Side Information for Face Completion: a Robust PCA Approach
Niannan Xue, Jiankang Deng, Shiyang Cheng, Yannis Panagakis, Stefanos, Zafeiriou

TL;DR
This paper enhances robust PCA for face completion by incorporating side information and generative adversarial networks, improving accuracy and efficiency in handling corrupted and missing data in face recognition tasks.
Contribution
It introduces two RPCA models that utilize domain-dependent prior knowledge and side information, along with a GAN-based method for extracting such information, advancing face completion techniques.
Findings
Improved face completion accuracy with side information.
Faster recovery process on large-scale data.

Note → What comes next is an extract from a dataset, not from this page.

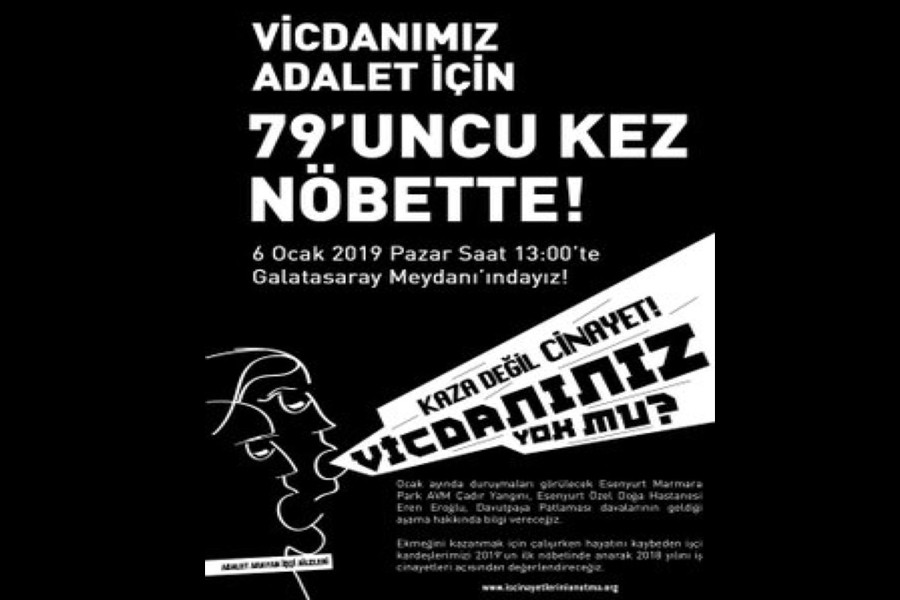 Her ayın ilk Pazar günü iş cinayetlerinde yaşamını yitiren işçileri anmak için Galatasaray Meydanı’nda Adalet Nöbeti tutan Adalet Arayan İşçi Aileleri bu ay da saat 13.00’te Galatasaray Meydanı’nda “adalet” diyecek. Tüm işçileri, emekçileri, emek dostlarını 79. Adalet Nöbetine çağıran Aileler şu çağrıyı yapıyor:

Effective on synthetic and real-world datasets.
Abstract
Robust principal component analysis (RPCA) is a powerful method for learning low-rank feature representation of various visual data. However, for certain types as well as significant amount of error corruption, it fails to yield satisfactory results; a drawback that can be alleviated by exploiting domain-dependent prior knowledge or information. In this paper, we propose two models for the RPCA that take into account such side information, even in the presence of missing values. We apply this framework to the task of UV completion which is widely used in pose-invariant face recognition. Moreover, we construct a generative adversarial network (GAN) to extract side information as well as subspaces. These subspaces not only assist in the recovery but also speed up the process in case of large-scale data. We quantitatively and qualitatively evaluate the proposed approaches through both…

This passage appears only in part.